Data provided:
╭──

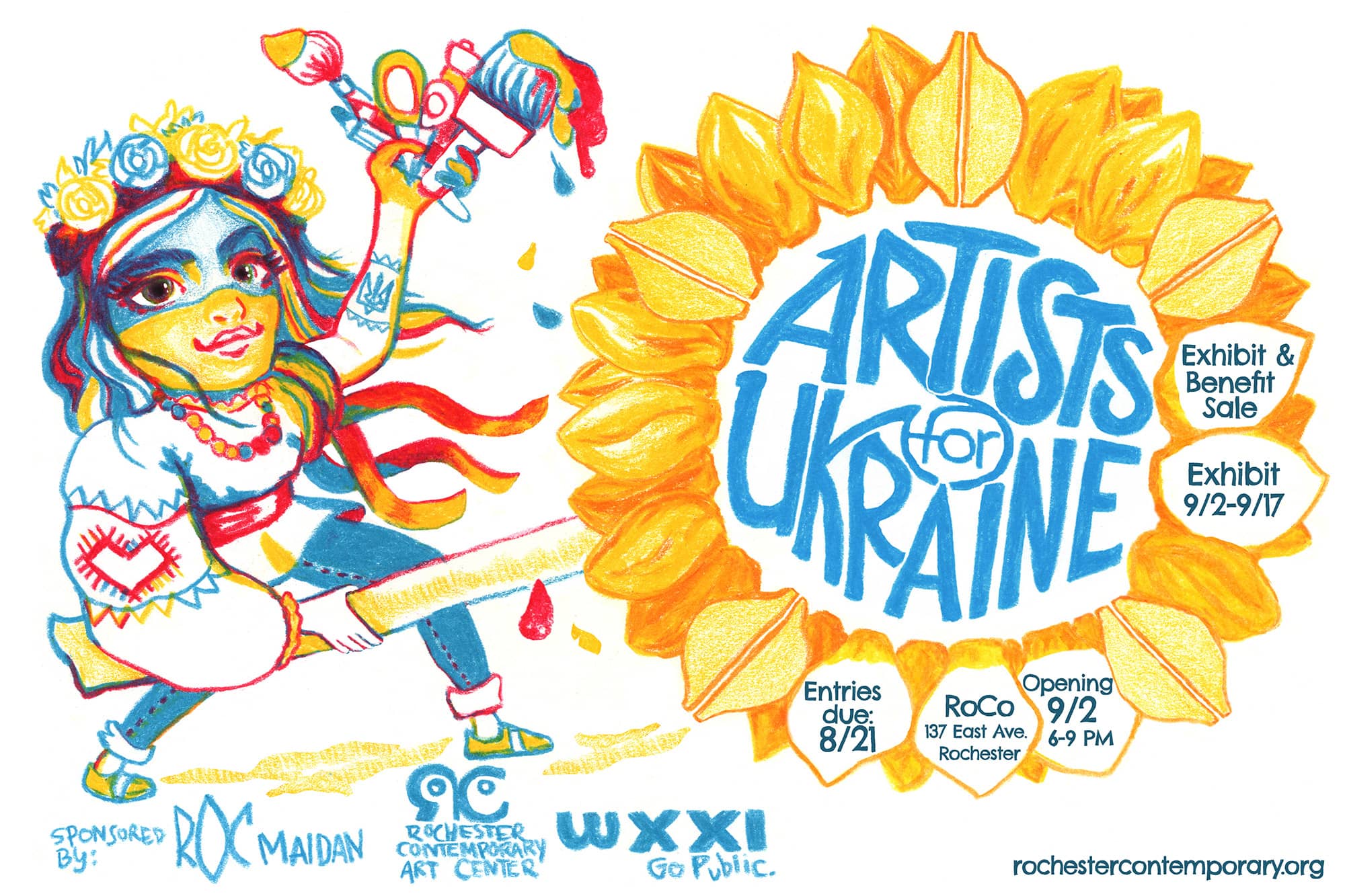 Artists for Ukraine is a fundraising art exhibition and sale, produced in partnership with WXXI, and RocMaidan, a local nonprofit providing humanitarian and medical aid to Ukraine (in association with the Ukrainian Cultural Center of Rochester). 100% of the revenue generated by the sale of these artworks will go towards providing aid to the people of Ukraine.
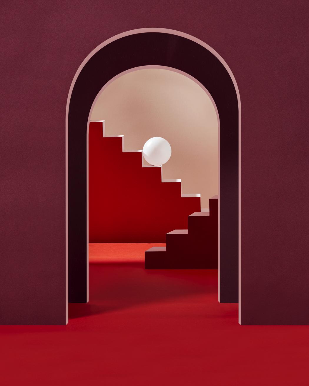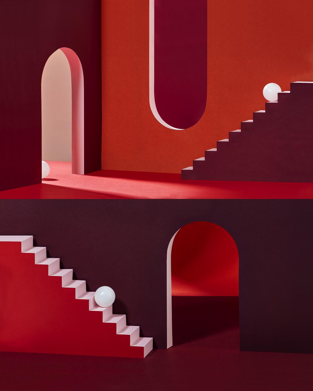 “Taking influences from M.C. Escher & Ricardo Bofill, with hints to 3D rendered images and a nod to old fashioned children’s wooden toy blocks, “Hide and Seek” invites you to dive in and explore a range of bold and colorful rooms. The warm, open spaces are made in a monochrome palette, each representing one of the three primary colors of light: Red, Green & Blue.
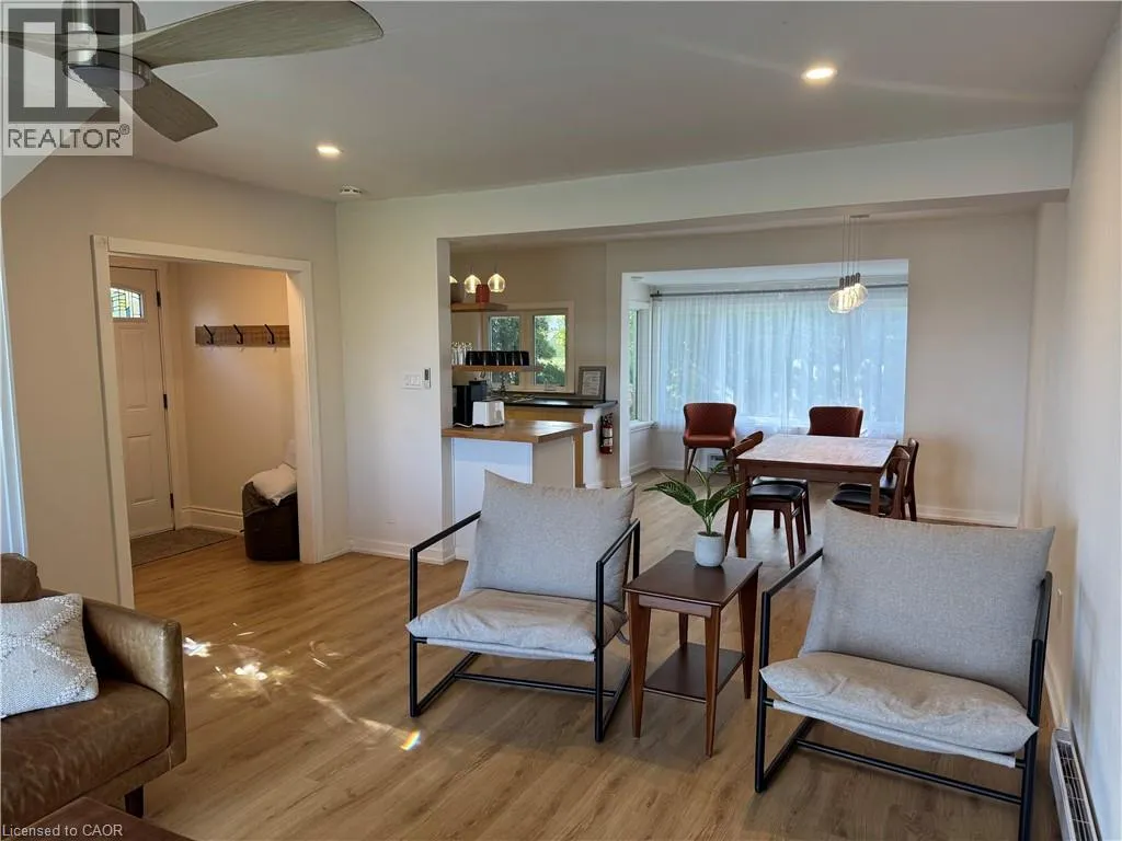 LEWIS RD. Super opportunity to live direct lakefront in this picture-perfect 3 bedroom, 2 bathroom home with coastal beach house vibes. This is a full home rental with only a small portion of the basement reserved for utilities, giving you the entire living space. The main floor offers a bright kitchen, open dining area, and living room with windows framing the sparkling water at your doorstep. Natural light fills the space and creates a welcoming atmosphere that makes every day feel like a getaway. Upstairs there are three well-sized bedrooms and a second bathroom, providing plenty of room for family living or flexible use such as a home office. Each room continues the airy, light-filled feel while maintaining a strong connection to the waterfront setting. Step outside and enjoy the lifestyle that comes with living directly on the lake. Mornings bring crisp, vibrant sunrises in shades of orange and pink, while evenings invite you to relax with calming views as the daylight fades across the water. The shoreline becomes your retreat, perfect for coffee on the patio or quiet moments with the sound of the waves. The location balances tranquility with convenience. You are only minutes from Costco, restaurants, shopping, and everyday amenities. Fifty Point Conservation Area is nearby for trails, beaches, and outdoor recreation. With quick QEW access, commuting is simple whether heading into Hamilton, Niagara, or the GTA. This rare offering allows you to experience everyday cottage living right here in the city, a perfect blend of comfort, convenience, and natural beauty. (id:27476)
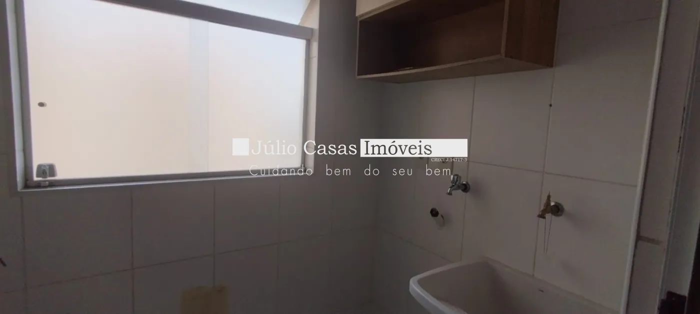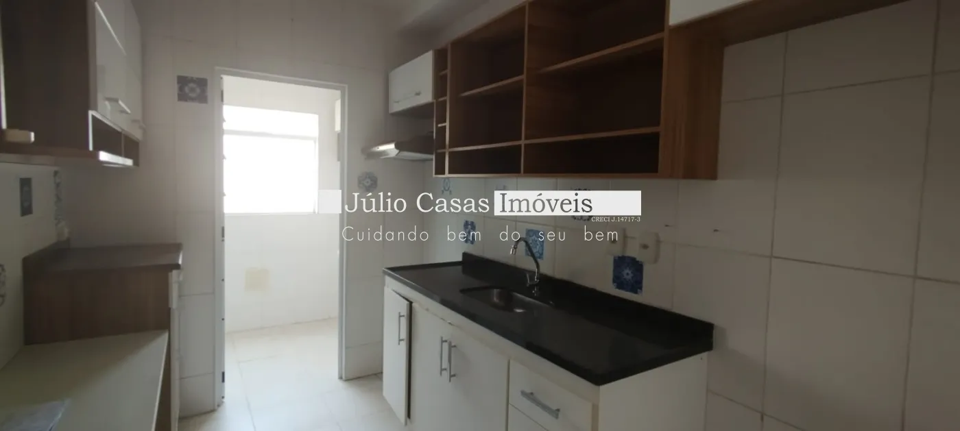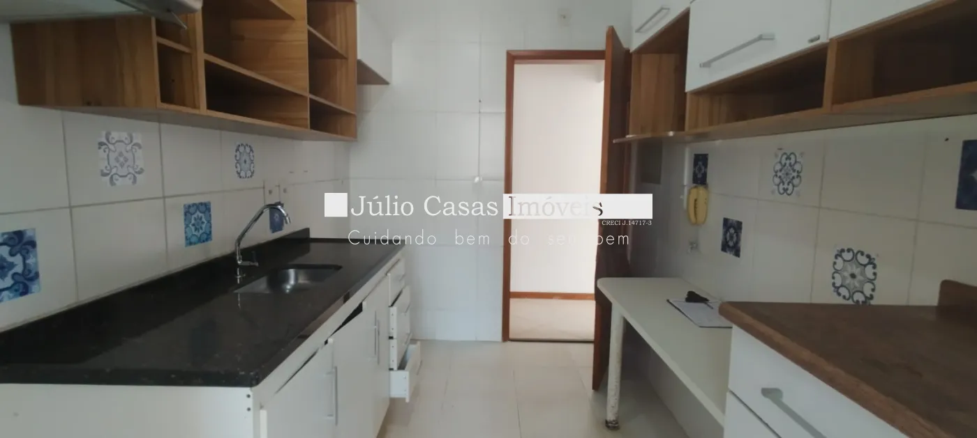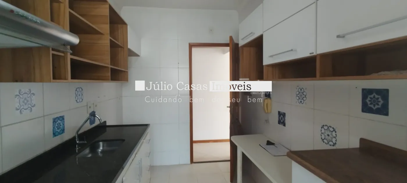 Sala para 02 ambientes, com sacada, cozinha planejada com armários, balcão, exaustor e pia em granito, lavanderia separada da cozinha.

╰──

Exercise details: Exactly as written, return every line of the listing, but not the pictures.

Solution for this problem:
 Artists for Ukraine is a fundraising art exhibition and sale, produced in partnership with WXXI, and RocMaidan, a local nonprofit providing humanitarian and medical aid to Ukraine (in association with the Ukrainian Cultural Center of Rochester). 100% of the revenue generated by the sale of these artworks will go towards providing aid to the people of Ukraine.
 “Taking influences from M.C. Escher & Ricardo Bofill, with hints to 3D rendered images and a nod to old fashioned children’s wooden toy blocks, “Hide and Seek” invites you to dive in and explore a range of bold and colorful rooms. The warm, open spaces are made in a monochrome palette, each representing one of the three primary colors of light: Red, Green & Blue.
 LEWIS RD. Super opportunity to live direct lakefront in this picture-perfect 3 bedroom, 2 bathroom home with coastal beach house vibes. This is a full home rental with only a small portion of the basement reserved for utilities, giving you the entire living space. The main floor offers a bright kitchen, open dining area, and living room with windows framing the sparkling water at your doorstep. Natural light fills the space and creates a welcoming atmosphere that makes every day feel like a getaway. Upstairs there are three well-sized bedrooms and a second bathroom, providing plenty of room for family living or flexible use such as a home office. Each room continues the airy, light-filled feel while maintaining a strong connection to the waterfront setting. Step outside and enjoy the lifestyle that comes with living directly on the lake. Mornings bring crisp, vibrant sunrises in shades of orange and pink, while evenings invite you to relax with calming views as the daylight fades across the water. The shoreline becomes your retreat, perfect for coffee on the patio or quiet moments with the sound of the waves. The location balances tranquility with convenience. You are only minutes from Costco, restaurants, shopping, and everyday amenities. Fifty Point Conservation Area is nearby for trails, beaches, and outdoor recreation. With quick QEW access, commuting is simple whether heading into Hamilton, Niagara, or the GTA. This rare offering allows you to experience everyday cottage living right here in the city, a perfect blend of comfort, convenience, and natural beauty. (id:27476)
 Sala para 02 ambientes, com sacada, cozinha planejada com armários, balcão, exaustor e pia em granito, lavanderia separada da cozinha.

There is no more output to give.